Human tolerance for alcohol is way, more adaptable than youre implying.

[–] [email protected] 19 points 4 months ago (2 children)

You're both right. The beer people drank back then was usually very low alcohol content. It was essentially fermented just enough so that it would stay safe to drink for a while. There was stronger stuff, yes, but especially the stuff they had on ships was very weak.

[–] [email protected] 4 points 4 months ago

Same with the famous pirate rum.

[–] [email protected] 4 points 4 months ago (1 children)

not saying anyone's wrong in this thread, but i would love to read sources on this

[–] [email protected] 4 points 4 months ago (1 children)

That person should try to eat a medieval peasant bread sometime. It was made from a coarse meal, not refined flour. It wasn't leavened. And it had zero salt inside. It also had sand in it. The taste of that shit is god awful and it destroys your teeth.

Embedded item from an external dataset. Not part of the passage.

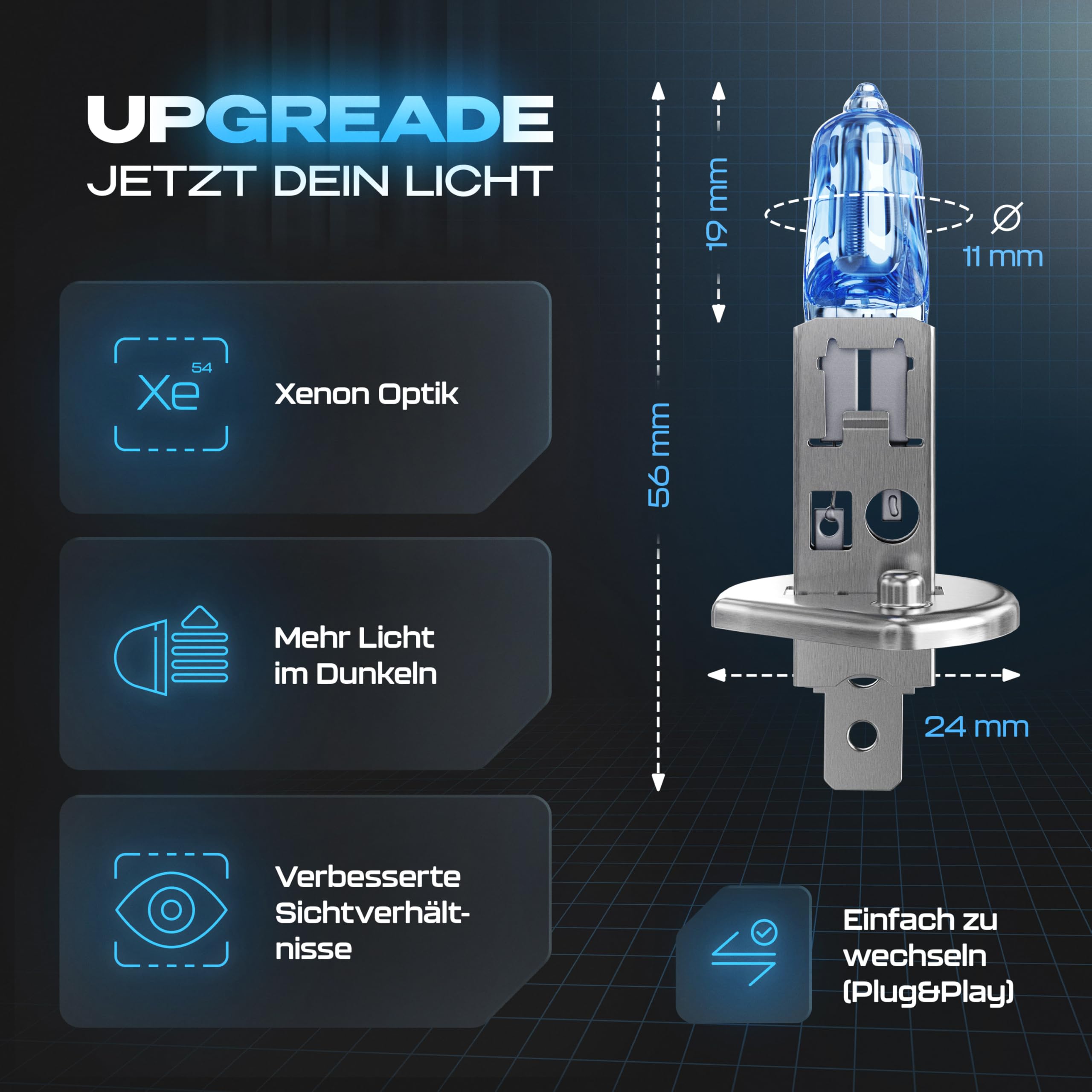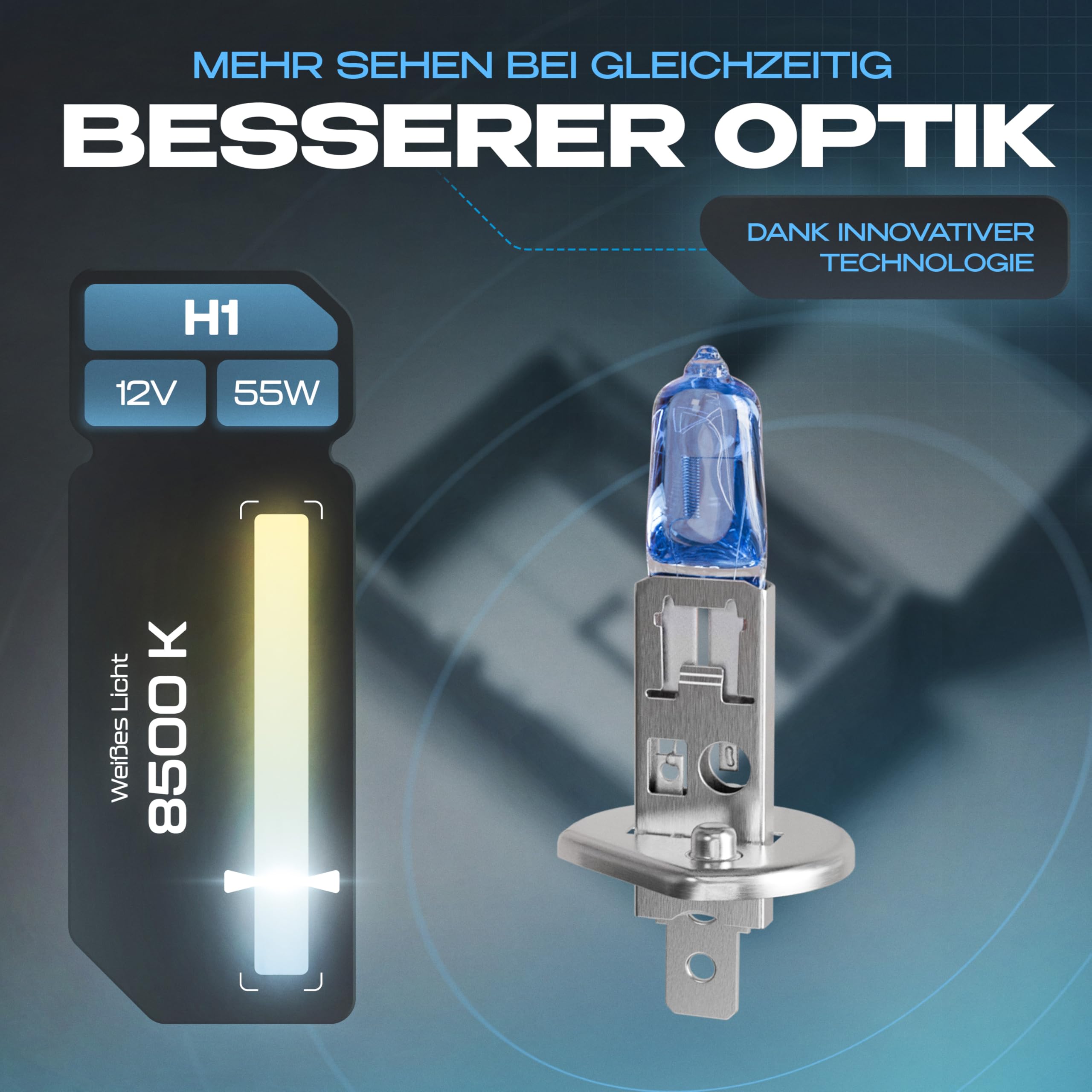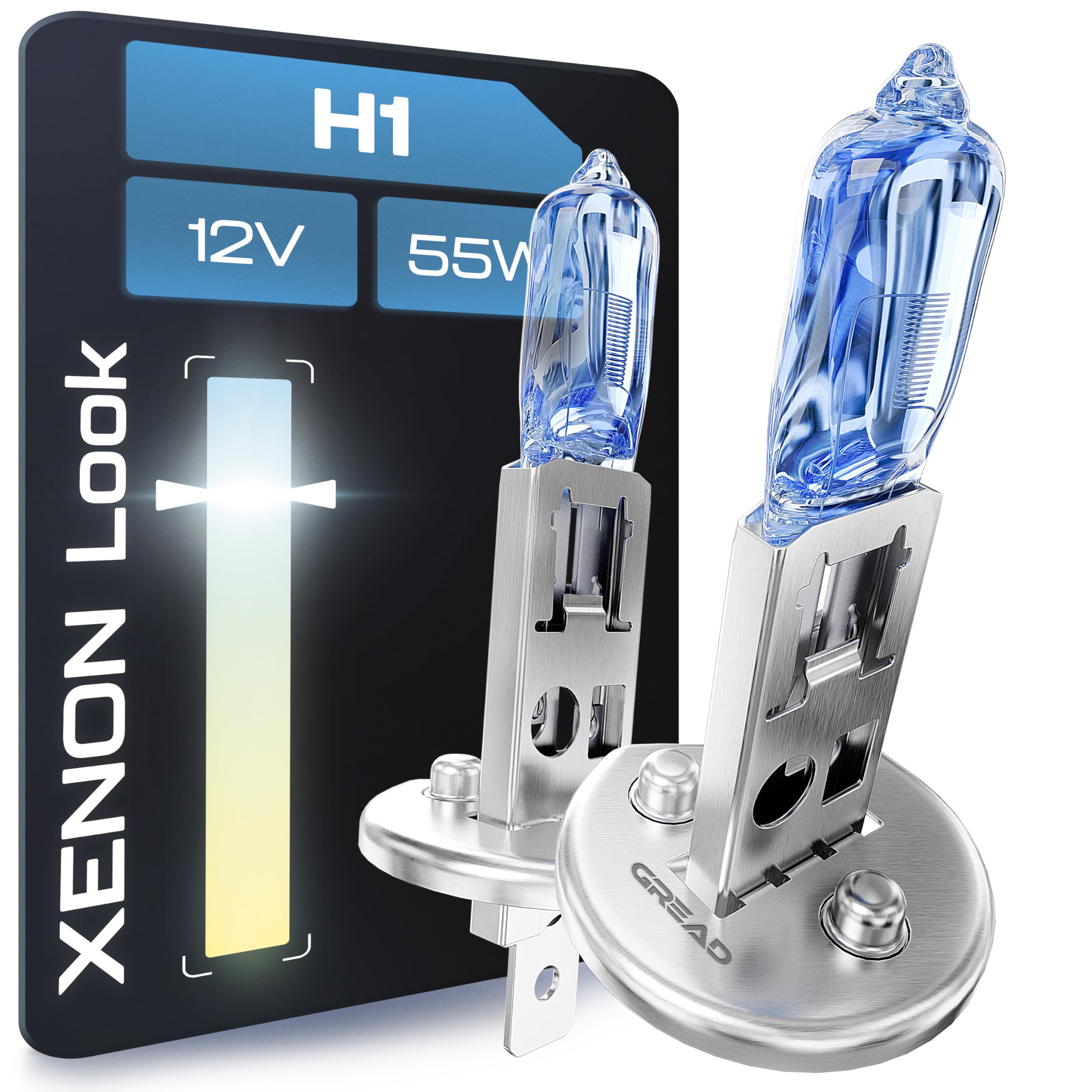 Gread - 2x H1 Halogen Birne Xenon Optik - superweiss - 8500k 55W - E-Prüfzeichen

[–] [email protected] 13 points 4 months ago (2 children)

It wasn’t leavened.

What're you basing that off of? The only reason you'd make a flatbread is if you couldn't cobble together some sort of oven/stove communally. Otherwise sourdough is a no brainer even with sandy rye flour.

[–] [email protected] 7 points 4 months ago (1 children)

They also had yeast that they could get from the local brewer.

And since bread was highly regulated, it was generally made by a trained baker, who used the highest quality flour they could get... which was still often very coarsely ground with the occasional bit of sand from the grindstones.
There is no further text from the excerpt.